I recently posted a link to an episode of Pipkins in which the anti-hero Hartley Hare uses a Mr Punch-like glove-puppet called Mike in order to 'be naughty' with impunity - hoping, thereby, to 'get away with' the consequences of his actions by blaming them on the puppet.
WmJas Tychonievich has since exposed the deep, indeed metaphysical, implications of this drama; when it is considered that a glove puppet called Michael, controlled by a glove puppet called Hartley, is controlled by an actor called Nigel, who is controlled by a director called Michael (after whom the Punch puppet has been named!) - so that one Michael is actually responsible for the other - and in conclusion Hartley is innocent (as he always claimed)!
Even deeper metaphysical waters are explored by an episode of The Sooty Show.
This explores what it is that makes an entity alive and 'real'; and does this by means of subtext beneath subtext. There is the primary narrative, and beneath that the awareness of a fictive distinction (the story itself having been written by the puppeteer and participating-actor 'Matthew') between glove puppets accepted as 'real' versus battery-powered automata regarded as 'toys'...
And beneath that already-dizzying multi-layering; lurks a (mostly subliminal and implicit) awareness of the unsatisfactory and inadequate nature of the empirical distinctions that are supposed (in the narrative) to differentiate 'real' from 'toy' (i.e. in the song "This little friend is real" which concludes this episode).

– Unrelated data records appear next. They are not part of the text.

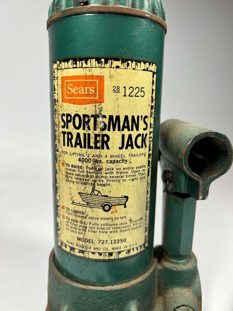 Vintage Green Sportsman's Trailer Jack Sears Bottle Jack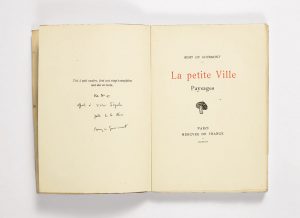 GOURMONT, Remy de. La Petite Ville. Paysages. Paris, Mercure de France, 1913. In-16, broché. Édition originale de ce recueil de courts textes en prose. Tirage unique à 150 exemplaires, dont 30 hors commerce (nº 47). Précieux envoi autographe...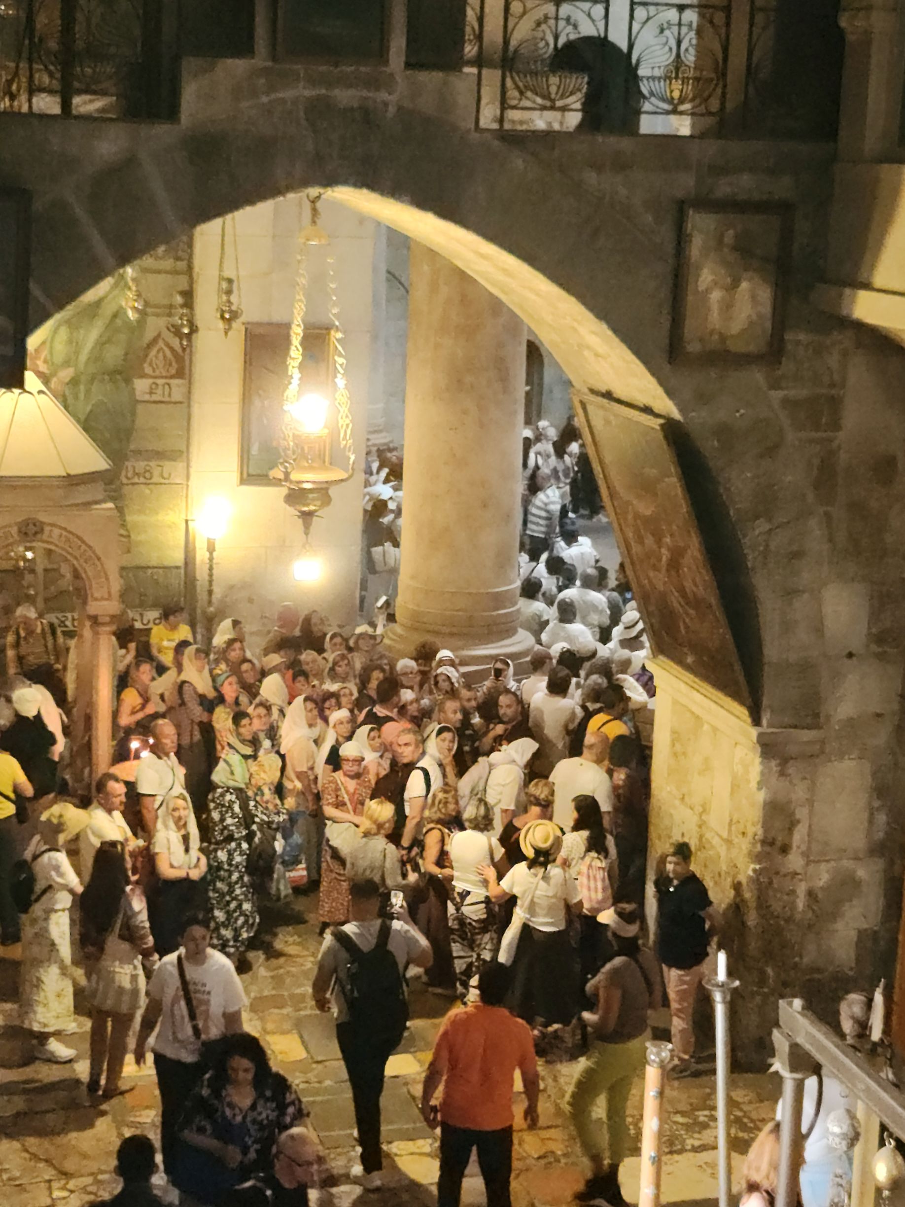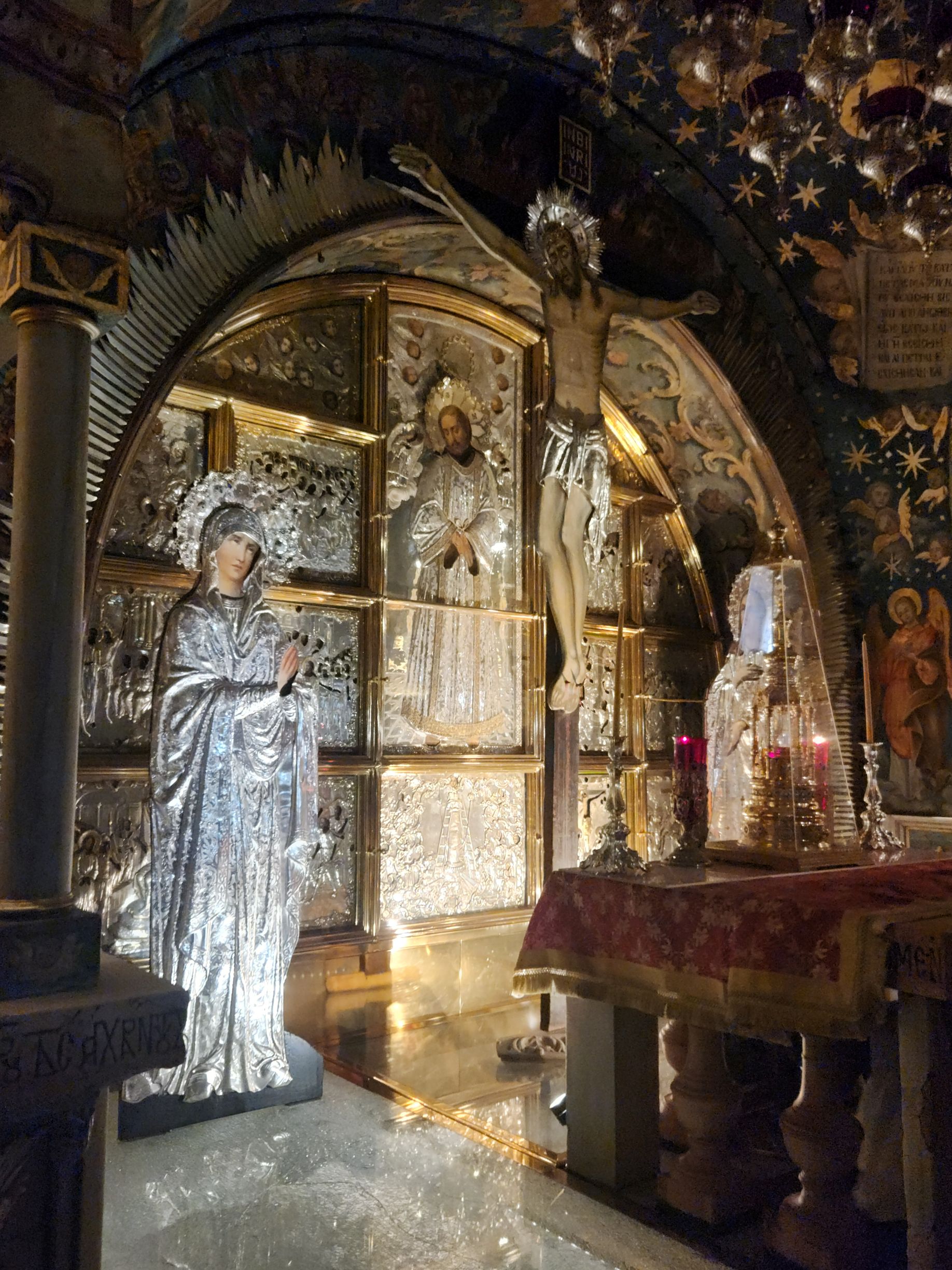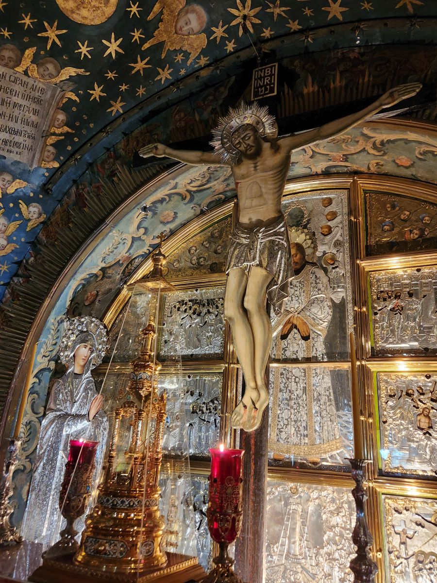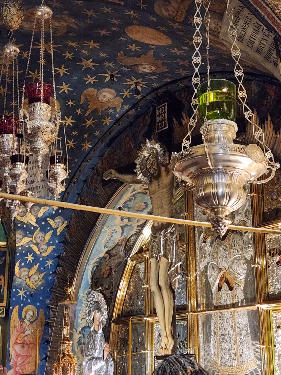 And then we are in the Church. Oh lord (yeah, pun intended) if we thought it was crowded out there? Oh no. In here – it is worth your life just to get onto the staircase to go upstairs to the Altar that has been erected over the place where Jesus on the cross was placed. The chapel up here is gorgeous, with immense amounts of gold and silver and mosaics depicting more Stations of the Cross. But trying to see it without being smothered or trampled was a feat! We managed – and I even managed to get all the way to the altar and get underneath it for a photo of the cross location (quite the triumph!) but then we just went to the back corner near the staircase to get out of the way. Crazy town in there!

In the end, the viewer is driven to an almost-opposite conclusion than the explicit 'moral of the story'; which conclusion is that 'everything is alive' (and there are no toys) - because, in regarding existence in every aspect, there is always a being somewhere - always at least one consciousness that lies behind all knowledge, purpose, and even the most mechanical-seeming entity and action.
3 comments:
And I thought this stuff wasn't useful...
Yes, Mary Poppins is surely real. How could she not be?
https://www.youtube.com/watch?v=RxNw_4E82D4
This demands a link to your post about Calvin and Hobbes (https://charltonteaching.blogspot.com/2021/06/implications-of-question-is-hobbes.html) -- a memorable complement to your observation here.
And Ben, what a delightful movie. Julie Andrews is beautiful, and the whole story is so charming. It pains me to consider the transformation of Disney. I know, I know, there was always some American sickness in Disney's retelling of tales -- altering endings and perverting the deeper moral points of the folk tales. Still, how we have fallen even from 1960s Americana.
Matthew: "He thinks the dog is real because it's barking? Then he's barking, too -- barking mad!"
Also Matthew: "Listen to him purr as you stroke his soft fur. Yes, this little kitten is real."
And the most disturbing line: "He didn't want to eat sausages because he thought the cute little pig was real!" Imagine thinking that!